START Given records

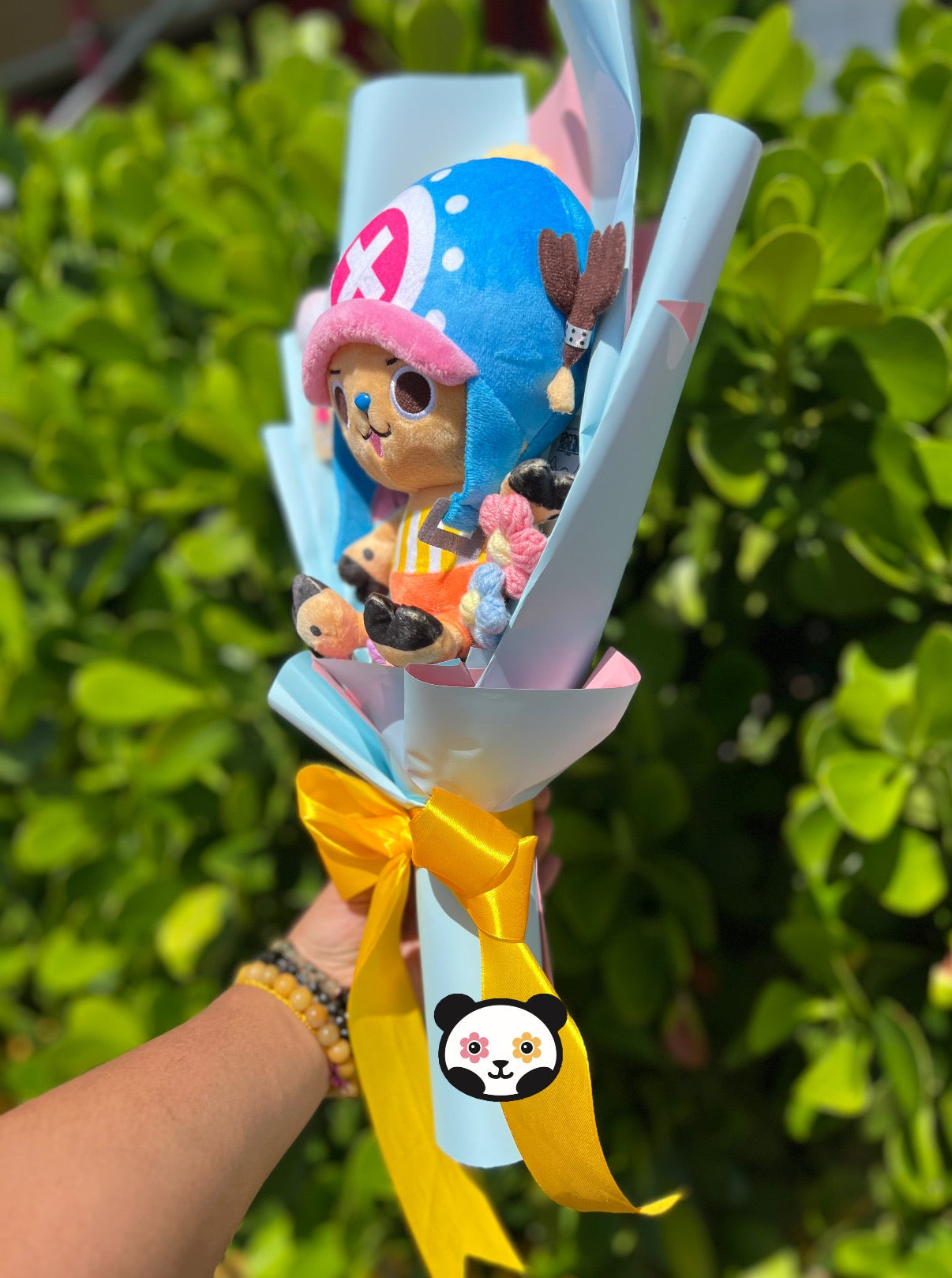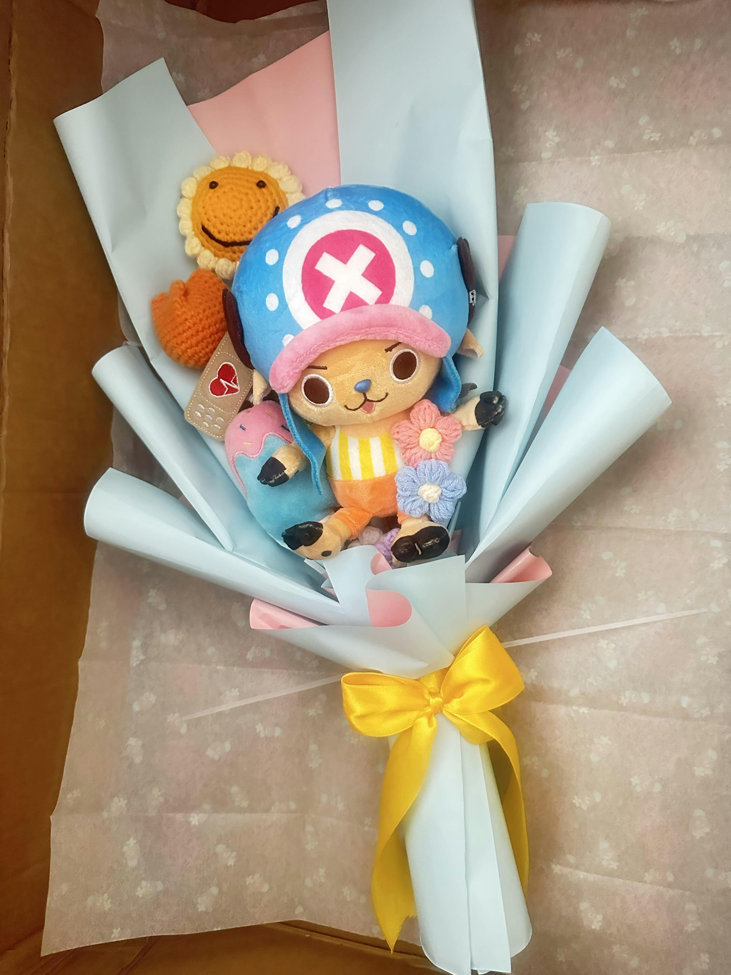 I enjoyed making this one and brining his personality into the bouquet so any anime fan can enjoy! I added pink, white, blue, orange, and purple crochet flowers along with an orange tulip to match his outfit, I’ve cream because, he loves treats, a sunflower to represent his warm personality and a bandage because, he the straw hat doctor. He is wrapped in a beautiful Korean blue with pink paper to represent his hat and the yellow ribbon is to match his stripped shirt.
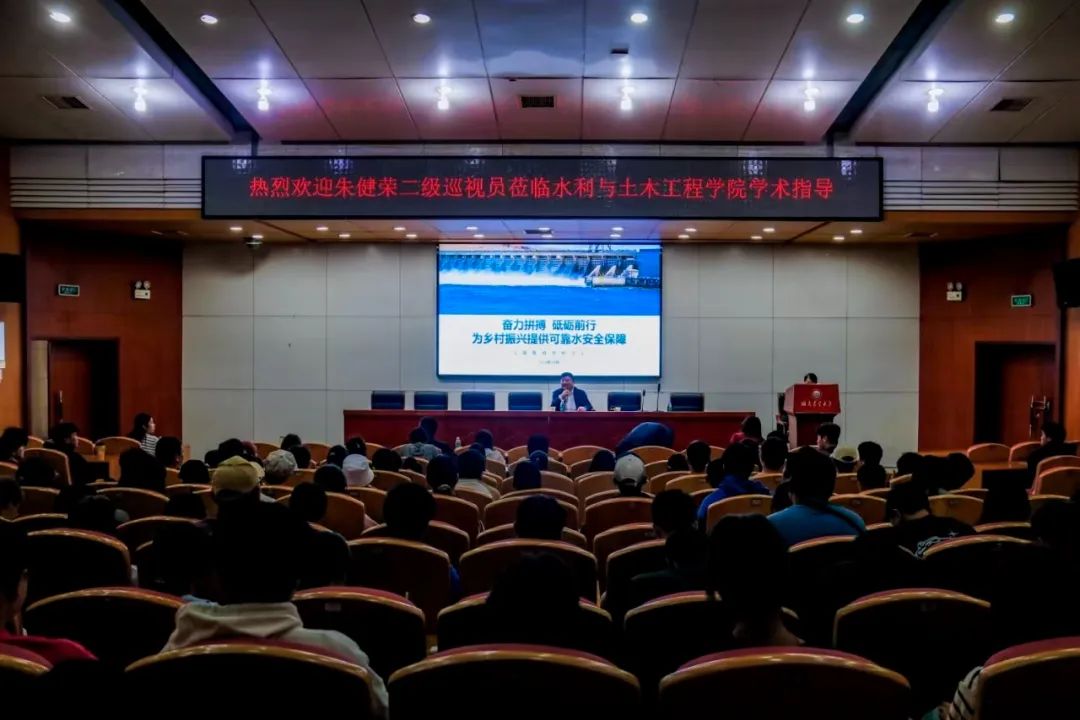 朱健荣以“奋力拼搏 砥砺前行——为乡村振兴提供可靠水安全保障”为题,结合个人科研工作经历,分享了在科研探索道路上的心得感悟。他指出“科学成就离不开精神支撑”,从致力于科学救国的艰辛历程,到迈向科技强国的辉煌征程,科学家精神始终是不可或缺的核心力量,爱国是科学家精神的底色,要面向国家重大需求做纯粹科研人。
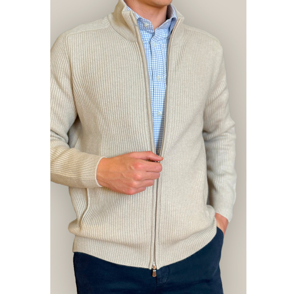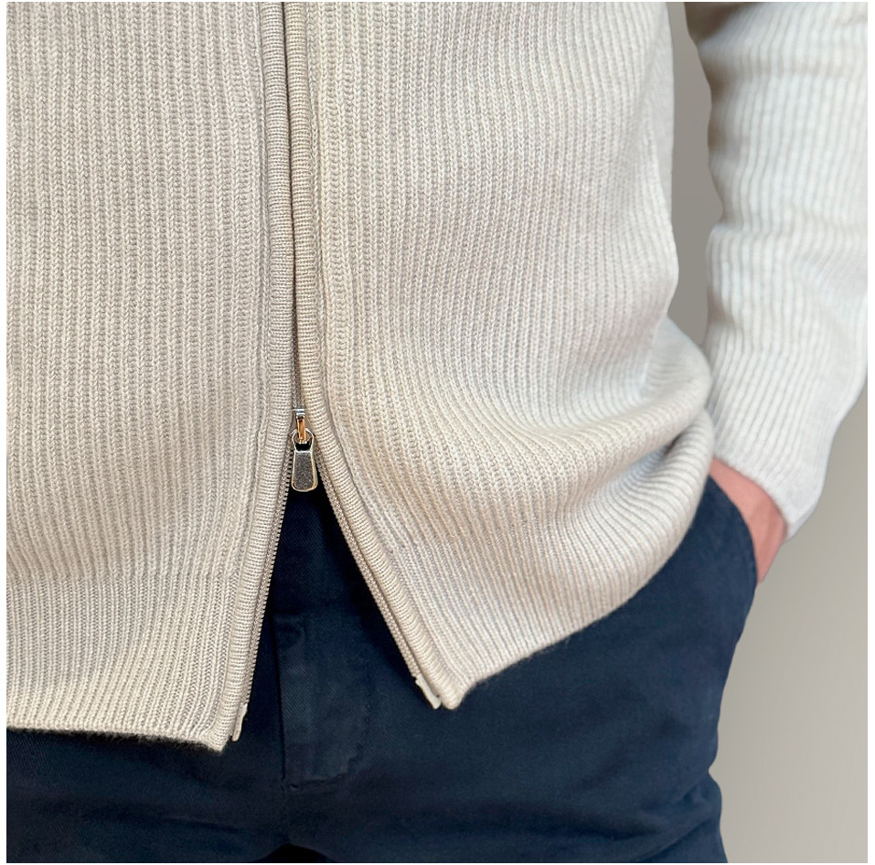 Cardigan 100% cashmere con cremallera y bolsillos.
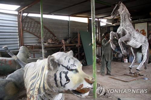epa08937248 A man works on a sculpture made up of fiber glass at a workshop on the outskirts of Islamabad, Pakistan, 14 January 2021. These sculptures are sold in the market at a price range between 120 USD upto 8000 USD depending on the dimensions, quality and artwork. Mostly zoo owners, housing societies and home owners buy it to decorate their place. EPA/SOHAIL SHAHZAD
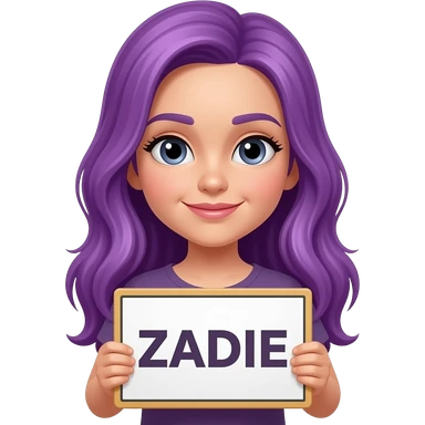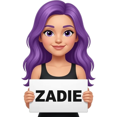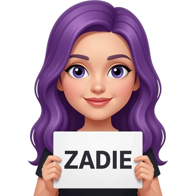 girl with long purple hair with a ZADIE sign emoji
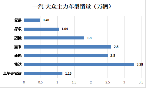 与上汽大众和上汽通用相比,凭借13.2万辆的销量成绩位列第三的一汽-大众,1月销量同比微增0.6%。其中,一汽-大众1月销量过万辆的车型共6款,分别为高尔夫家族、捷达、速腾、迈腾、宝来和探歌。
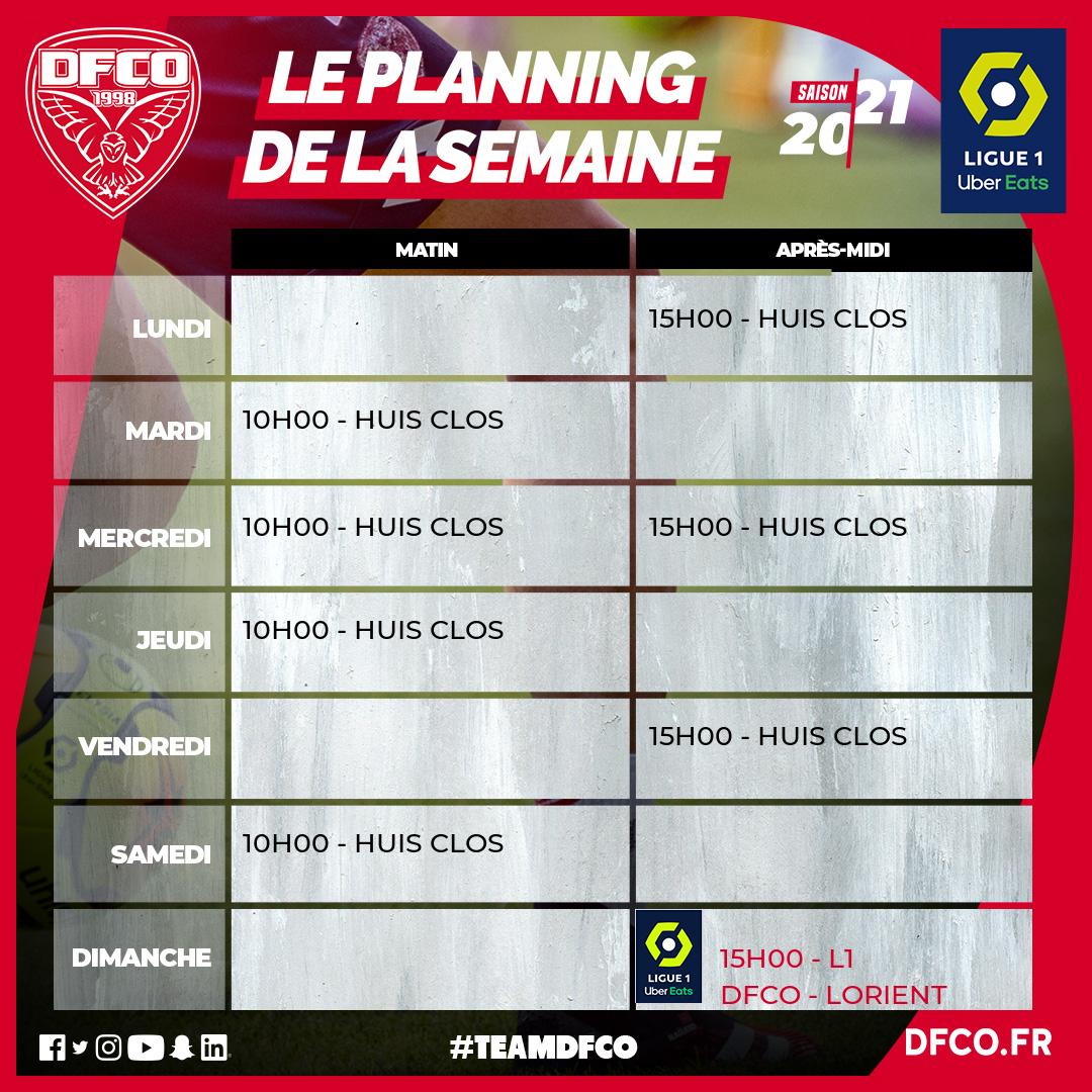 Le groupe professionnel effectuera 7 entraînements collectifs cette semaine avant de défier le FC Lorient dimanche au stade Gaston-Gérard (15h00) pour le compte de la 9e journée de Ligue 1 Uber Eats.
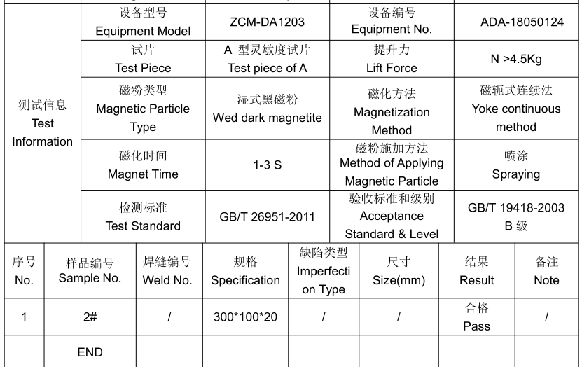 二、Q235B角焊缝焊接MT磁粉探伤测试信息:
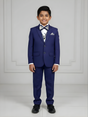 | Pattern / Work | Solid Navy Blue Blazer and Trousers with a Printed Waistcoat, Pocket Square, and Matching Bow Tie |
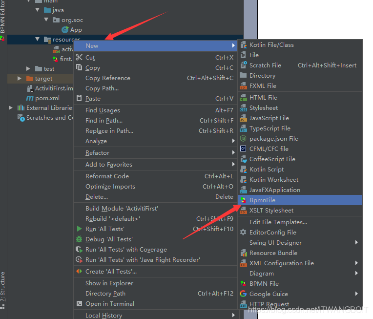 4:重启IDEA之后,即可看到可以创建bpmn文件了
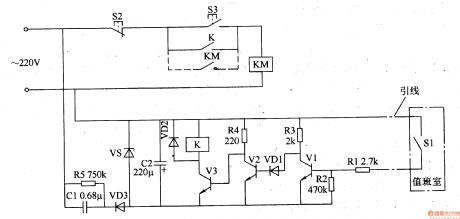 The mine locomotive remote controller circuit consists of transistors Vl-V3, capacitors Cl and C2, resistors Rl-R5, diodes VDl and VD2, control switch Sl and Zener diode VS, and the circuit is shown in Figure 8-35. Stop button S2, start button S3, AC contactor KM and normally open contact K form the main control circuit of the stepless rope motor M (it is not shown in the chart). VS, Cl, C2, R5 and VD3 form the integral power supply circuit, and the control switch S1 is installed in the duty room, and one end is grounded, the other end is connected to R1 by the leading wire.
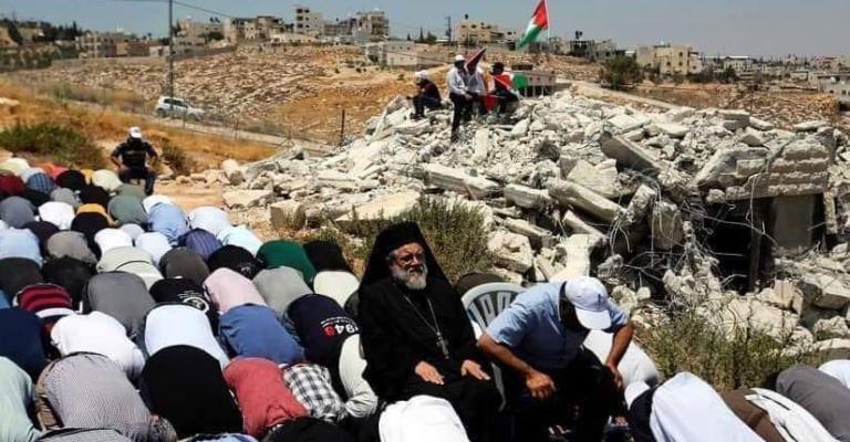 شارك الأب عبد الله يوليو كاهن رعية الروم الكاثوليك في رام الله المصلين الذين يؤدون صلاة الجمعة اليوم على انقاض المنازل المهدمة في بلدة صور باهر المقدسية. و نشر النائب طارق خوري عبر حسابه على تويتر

END Given records

Your objective: Using the entries above, repeat exactly the lines from the one with "与上汽大众和上汽通用相比,凭" to the one with "4:重启IDEA之后,即可看到可以创建bpmn文件了", both included, and leave the pictures behind.

Solution to this task:
 与上汽大众和上汽通用相比,凭借13.2万辆的销量成绩位列第三的一汽-大众,1月销量同比微增0.6%。其中,一汽-大众1月销量过万辆的车型共6款,分别为高尔夫家族、捷达、速腾、迈腾、宝来和探歌。
 Le groupe professionnel effectuera 7 entraînements collectifs cette semaine avant de défier le FC Lorient dimanche au stade Gaston-Gérard (15h00) pour le compte de la 9e journée de Ligue 1 Uber Eats.
 二、Q235B角焊缝焊接MT磁粉探伤测试信息:
 | Pattern / Work | Solid Navy Blue Blazer and Trousers with a Printed Waistcoat, Pocket Square, and Matching Bow Tie |
 4:重启IDEA之后,即可看到可以创建bpmn文件了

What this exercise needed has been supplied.